[Data provided]

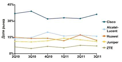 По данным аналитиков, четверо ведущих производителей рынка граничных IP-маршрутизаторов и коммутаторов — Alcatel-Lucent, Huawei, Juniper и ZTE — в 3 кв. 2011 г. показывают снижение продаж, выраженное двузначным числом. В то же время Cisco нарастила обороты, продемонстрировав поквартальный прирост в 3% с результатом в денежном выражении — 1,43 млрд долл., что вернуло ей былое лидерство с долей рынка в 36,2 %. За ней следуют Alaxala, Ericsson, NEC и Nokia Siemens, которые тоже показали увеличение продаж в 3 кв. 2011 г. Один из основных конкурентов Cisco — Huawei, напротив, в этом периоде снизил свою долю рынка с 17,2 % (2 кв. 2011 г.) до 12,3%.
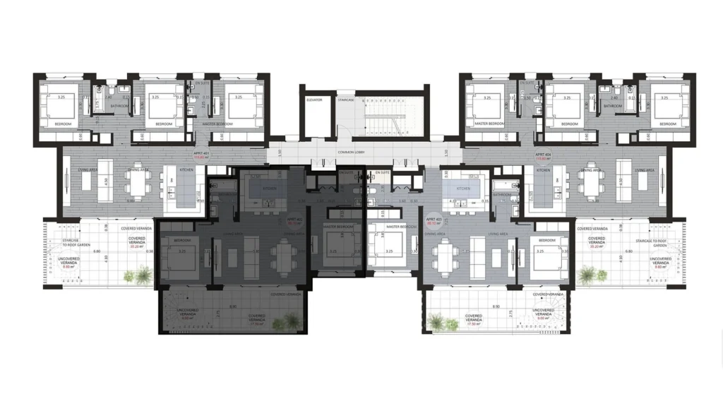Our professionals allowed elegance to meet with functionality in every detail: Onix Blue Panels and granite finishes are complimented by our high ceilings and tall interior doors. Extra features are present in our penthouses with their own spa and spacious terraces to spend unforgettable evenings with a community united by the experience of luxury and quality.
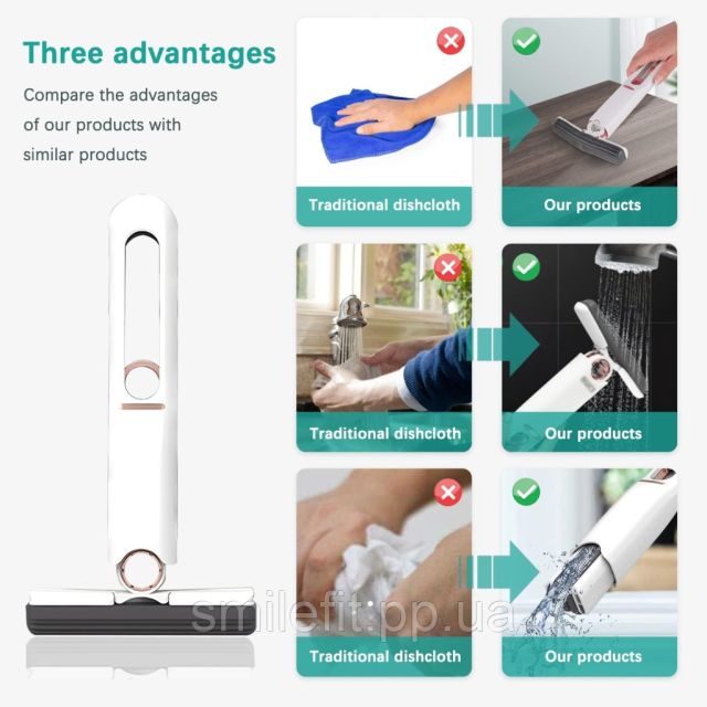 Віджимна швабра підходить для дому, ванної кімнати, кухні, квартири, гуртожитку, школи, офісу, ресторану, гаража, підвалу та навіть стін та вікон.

--

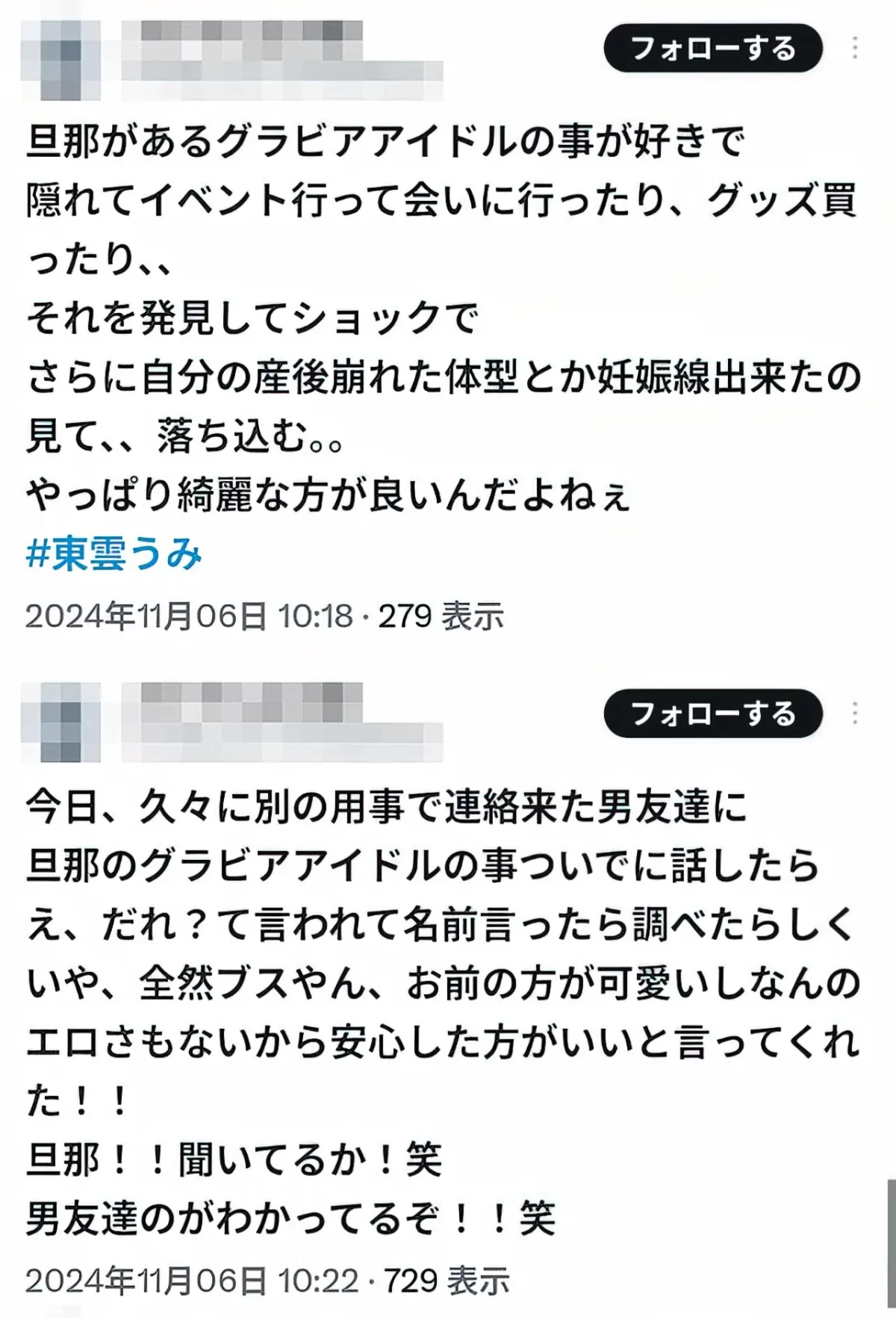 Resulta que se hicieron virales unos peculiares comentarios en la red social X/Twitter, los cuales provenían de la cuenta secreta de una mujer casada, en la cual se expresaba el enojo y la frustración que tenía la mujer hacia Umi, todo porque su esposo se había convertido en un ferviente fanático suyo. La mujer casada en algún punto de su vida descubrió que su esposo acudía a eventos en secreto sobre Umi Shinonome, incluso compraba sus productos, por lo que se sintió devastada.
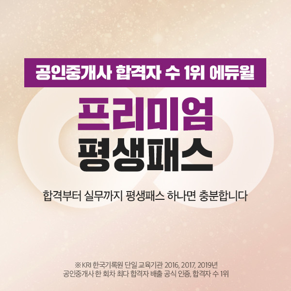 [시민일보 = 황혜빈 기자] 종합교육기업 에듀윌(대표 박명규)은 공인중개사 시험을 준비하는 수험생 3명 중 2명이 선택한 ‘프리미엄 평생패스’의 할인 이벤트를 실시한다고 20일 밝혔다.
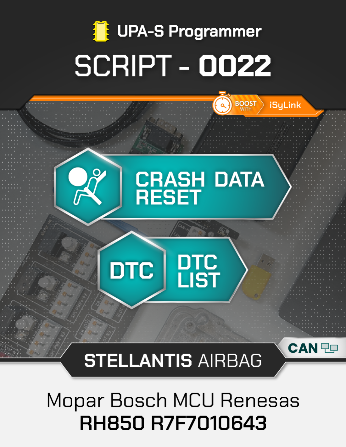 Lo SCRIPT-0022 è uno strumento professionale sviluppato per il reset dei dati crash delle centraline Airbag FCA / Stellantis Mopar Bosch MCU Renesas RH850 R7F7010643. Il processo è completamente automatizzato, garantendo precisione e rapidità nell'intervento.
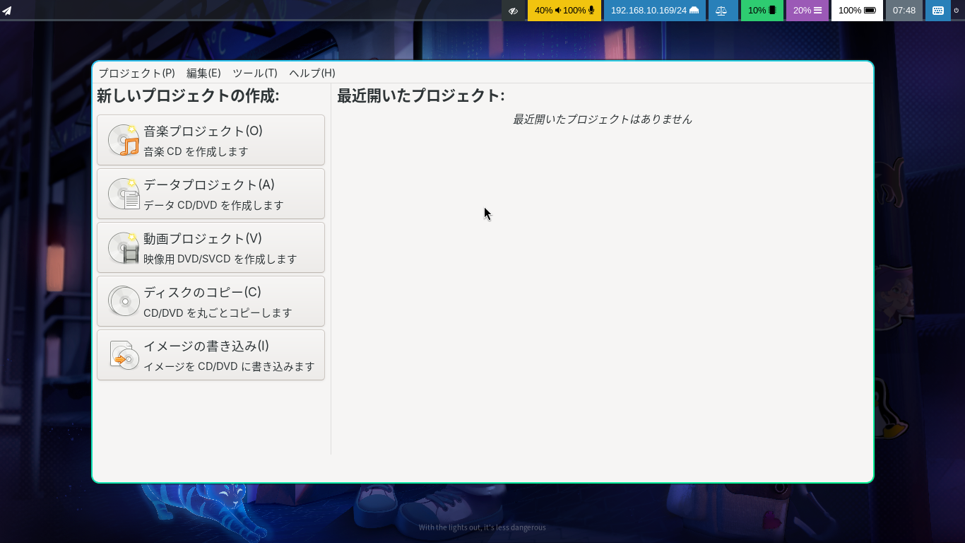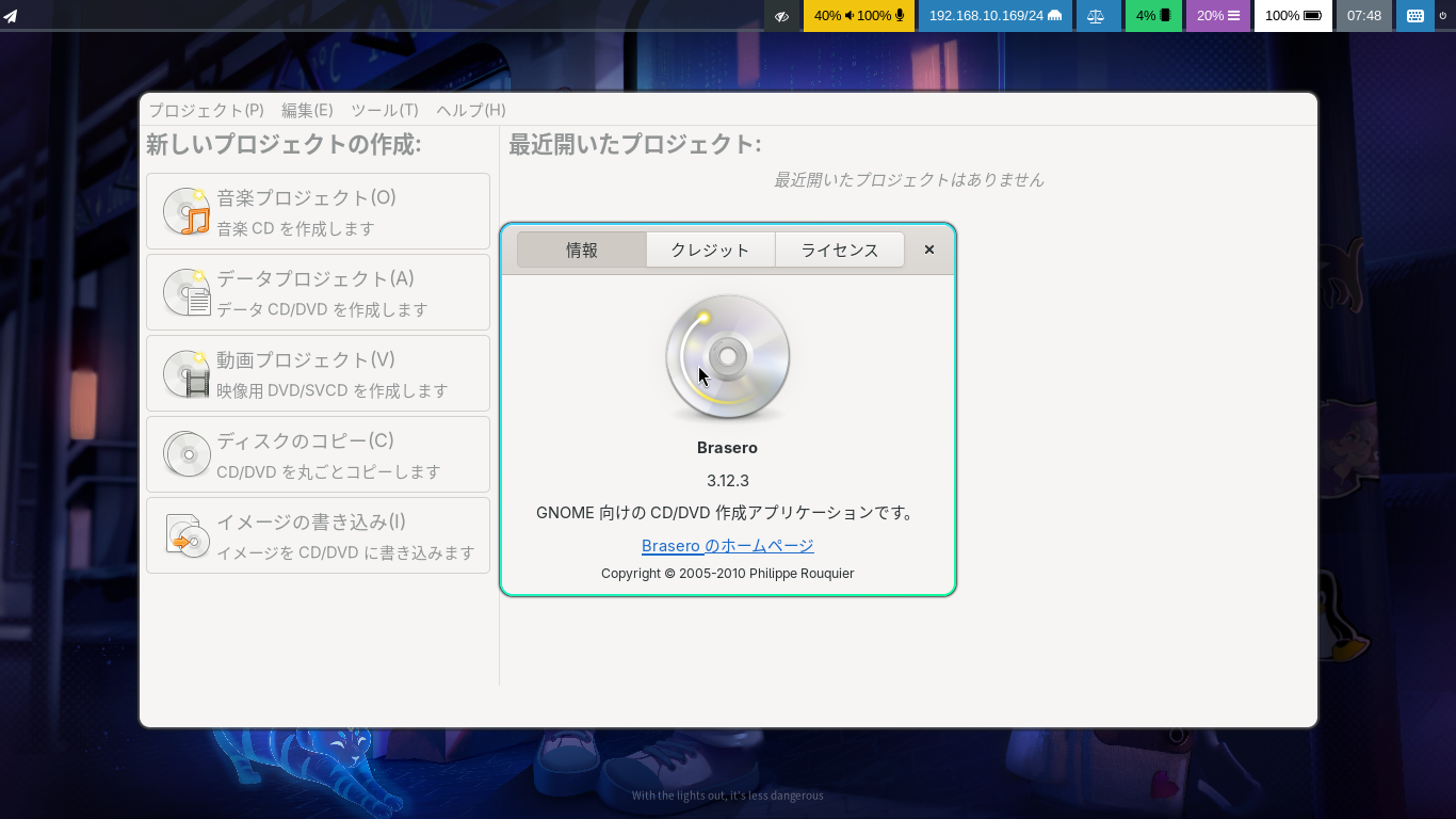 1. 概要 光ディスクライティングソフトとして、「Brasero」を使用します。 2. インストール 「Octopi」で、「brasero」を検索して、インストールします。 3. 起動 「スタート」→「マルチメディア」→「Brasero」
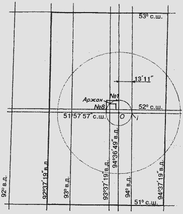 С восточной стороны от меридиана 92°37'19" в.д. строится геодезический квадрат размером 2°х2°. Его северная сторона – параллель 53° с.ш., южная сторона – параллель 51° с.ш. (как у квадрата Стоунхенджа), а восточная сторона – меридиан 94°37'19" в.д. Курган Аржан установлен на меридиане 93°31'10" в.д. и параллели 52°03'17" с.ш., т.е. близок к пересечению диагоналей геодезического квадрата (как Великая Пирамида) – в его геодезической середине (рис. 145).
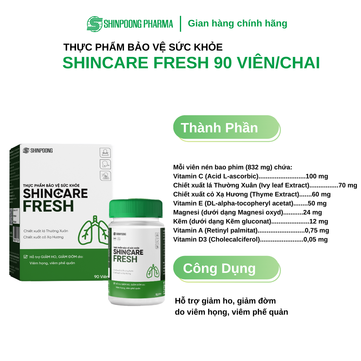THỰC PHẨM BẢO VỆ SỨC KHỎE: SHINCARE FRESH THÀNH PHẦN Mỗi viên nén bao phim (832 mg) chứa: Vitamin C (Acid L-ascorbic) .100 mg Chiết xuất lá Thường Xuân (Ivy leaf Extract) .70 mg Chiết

[Aim of the exercise] What is needed is an exact copy of the lines above from the one with "1. 概要 光ディスクライティングソフトとして、「Brasero」を使用します。" to the one with "THỰC PHẨM BẢO", both ends kept, and nothing more; please leave the pictures out.

[Exercise result]
 1. 概要 光ディスクライティングソフトとして、「Brasero」を使用します。 2. インストール 「Octopi」で、「brasero」を検索して、インストールします。 3. 起動 「スタート」→「マルチメディア」→「Brasero」
 С восточной стороны от меридиана 92°37'19" в.д. строится геодезический квадрат размером 2°х2°. Его северная сторона – параллель 53° с.ш., южная сторона – параллель 51° с.ш. (как у квадрата Стоунхенджа), а восточная сторона – меридиан 94°37'19" в.д. Курган Аржан установлен на меридиане 93°31'10" в.д. и параллели 52°03'17" с.ш., т.е. близок к пересечению диагоналей геодезического квадрата (как Великая Пирамида) – в его геодезической середине (рис. 145).
THỰC PHẨM BẢO VỆ SỨC KHỎE: SHINCARE FRESH THÀNH PHẦN Mỗi viên nén bao phim (832 mg) chứa: Vitamin C (Acid L-ascorbic) .100 mg Chiết xuất lá Thường Xuân (Ivy leaf Extract) .70 mg Chiết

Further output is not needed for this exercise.